Thread
#stdlib
    h

    holgerbrandl

    1 year ago
    In what situations may
    Number.toDouble()
    "involve rounding" as suggested by its API docs?
    e

    ephemient

    1 year ago
    odd integers above 2^53 cannot be exactly represented as doubles
    >>> (2L shl 53) + 1
    res0: kotlin.Long = 18014398509481985
    >>> ((2L shl 53) + 1).toDouble().toLong()
    res1: kotlin.Long = 18014398509481984
    louiscad

    louiscad

    1 year ago
    Would be great to have this documented in Kotlin stdlib KDoc
    e

    ephemient

    1 year ago
    does it have to be enumerated? javadoc uses the same phrasing
    clearly the range of various numbers can't all fit in Double - there are other Number types such as BigInteger and BigDecimal as well
    h

    holgerbrandl

    1 year ago
    Thanks for the great answers.

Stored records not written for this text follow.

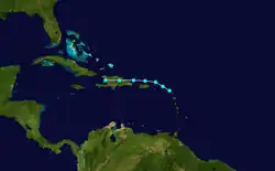A strong tropical storm with peak winds of 70 mph (110 km/h) was first identified just west of Antigua and Barbuda at 06:00 UTC on August 8,[6] though it may have developed days earlier in the absence of a reliable data network. The rapidly-moving system curved west, passing north of Puerto Rico before striking the northeastern coastline of the Dominican Republic as a 50 mph (80 km/h) cyclone at 09:00 UTC on August 9.[5] The storm continued across Hispaniola and dissipated after 18:00 UTC that day, though the remnant tropical wave continued on to impact Cuba on August 10.[5][6]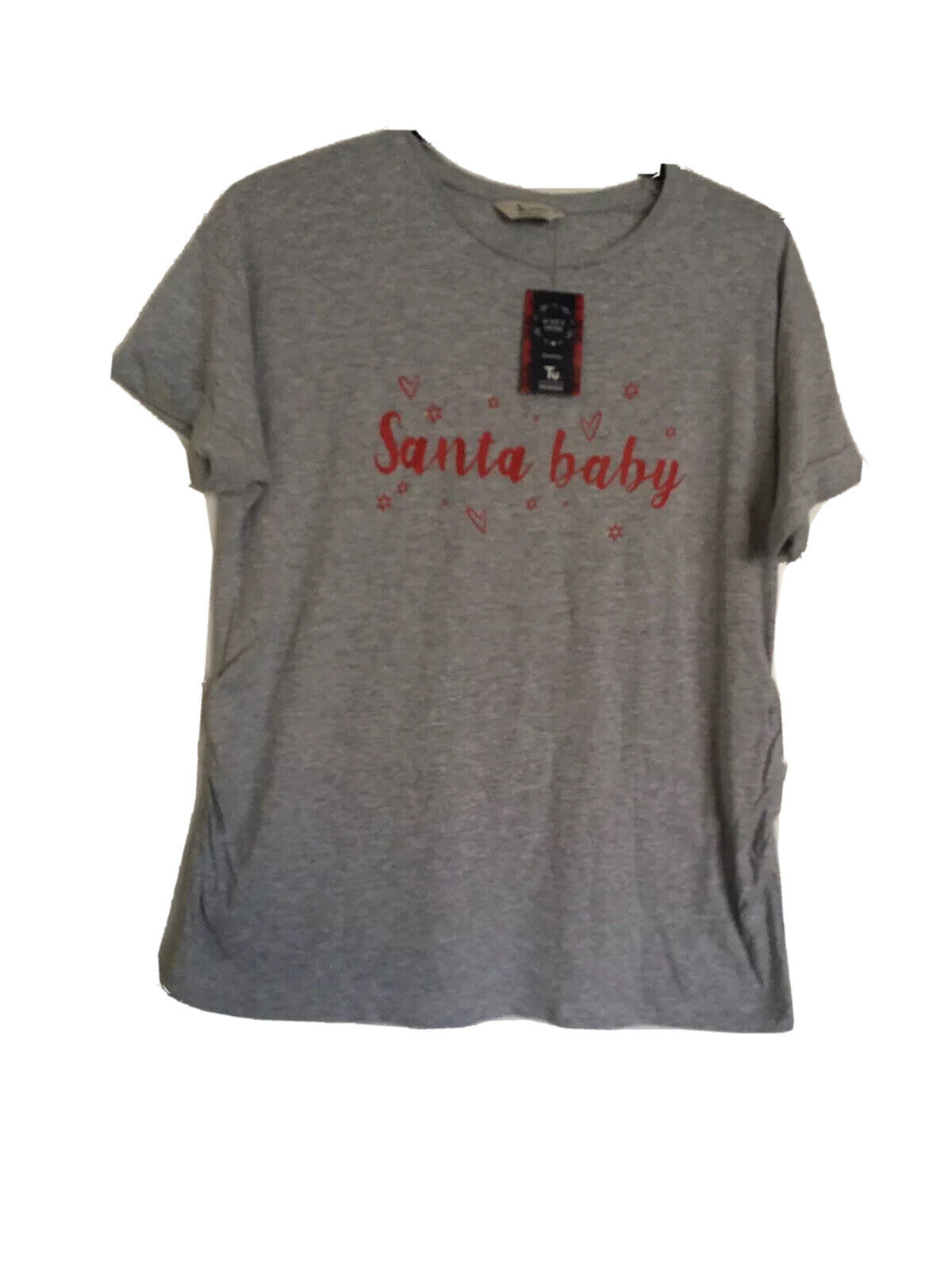 TU GREY MARL MATERNITY 'SANTA BABY' T-SHIRT TOP XMAS CHRISTMAS SIZE 16 BNWT NEW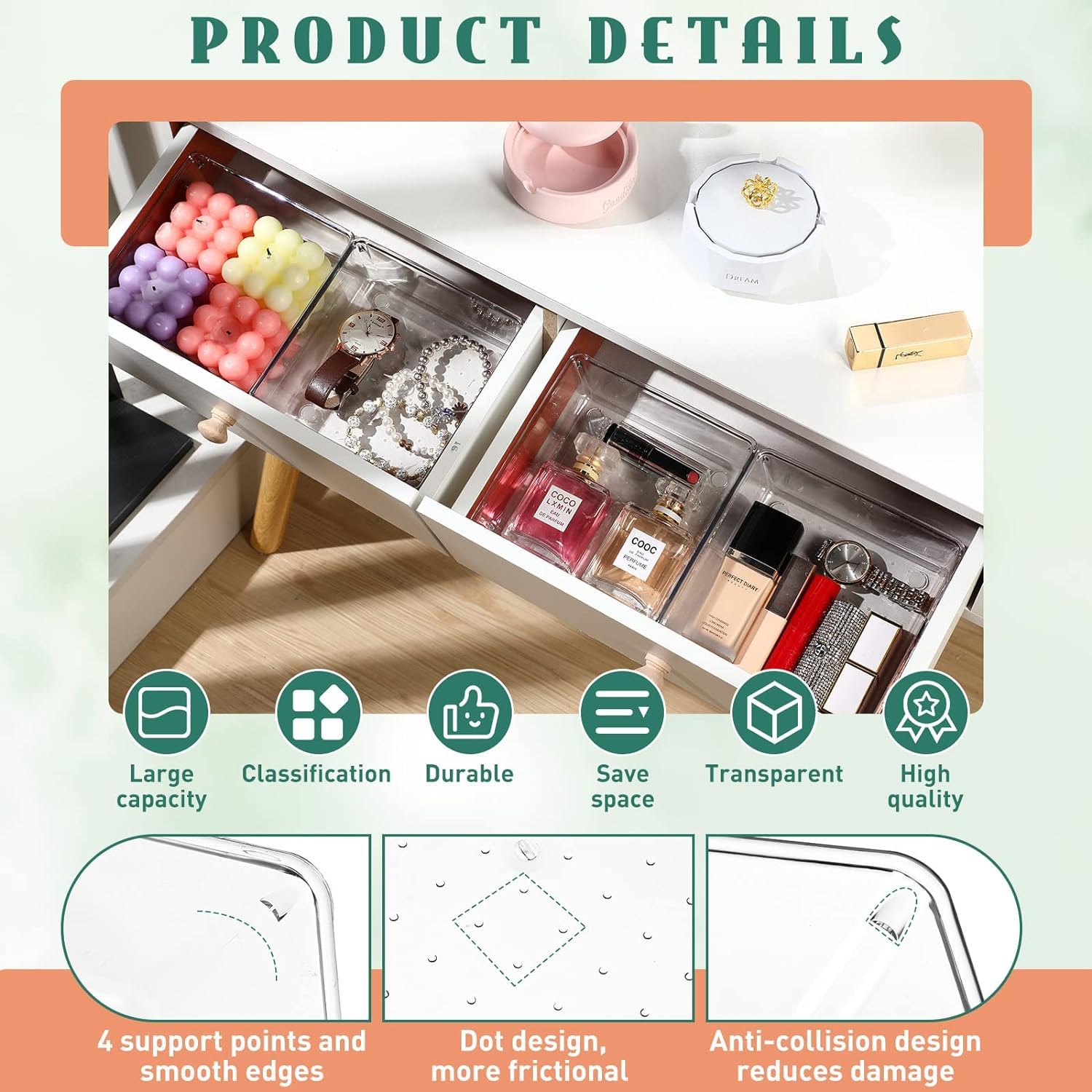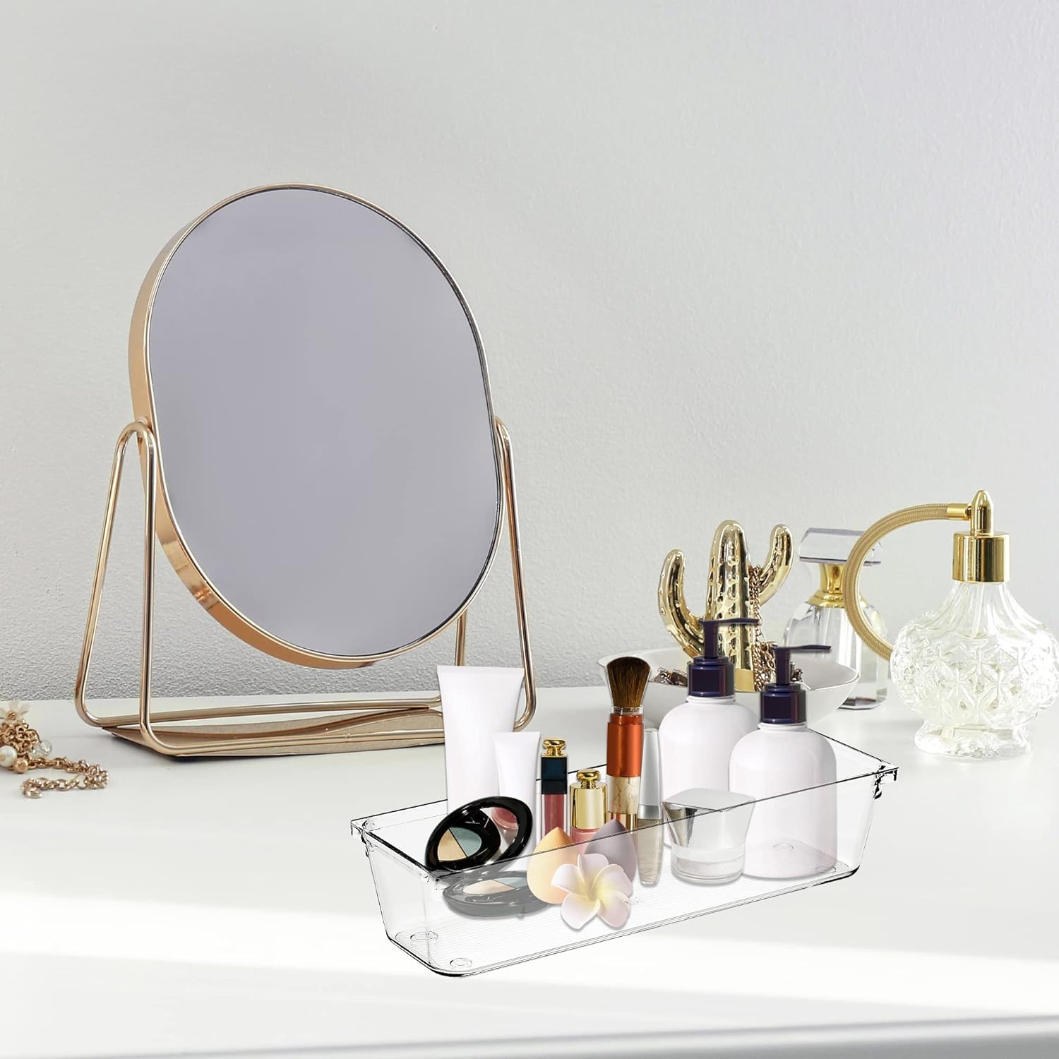 Golden bird 6 pcs Desk Drawer Organizer Trays Bathroom Drawer Tray Dividers Plastic Vanity Organizers Storage Bins for Makeup Dresser Kitchen Office (Clear) (3″ x 9″)
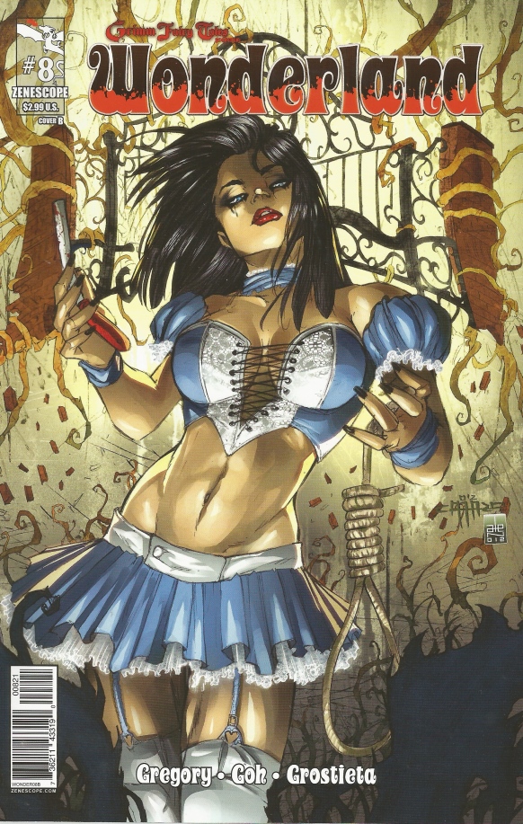 Issue 13: A long time ago Wonderland seems to be divided up among the Queens, with the divider being the Jabberwocky. Lory comes through the mirror and tells off the Jabberwocky. Meanwhile a bus driver is nearly murdered and brought to Wonderland. By this point in the game almost nothing in the series makes any sense at all. Big boobs, lots of gore and very, very little (if any) sense.

I agree, it does not seem to be "rounding"" if a
    Number
    value does not fit into the target type range, so some more details in the
    Number
    API docs would be great.
    To be fair, most methods the
    Number
    docs state that it
    may involve rounding or truncation.
    which covers range issues. So the docs are somehow correct, although the big odd integers to double example is neither rounding nor truncation, so there is imho some inprecision in the docs.
    e

    ephemient

    1 year ago
    why wouldn't it be rounding? it rounds to a representable value
    it just can't be called truncation, because when it runs out of finite values it goes infinite:
    2.toBigInteger().pow(1024).toDouble() == Double.POSITIVE_INFINITY
    h

    holgerbrandl

    1 year ago
    That's a clver handing when exceeding the max value. And you're right, its rounding in technical sense that just takes some time to wrap ones head around it.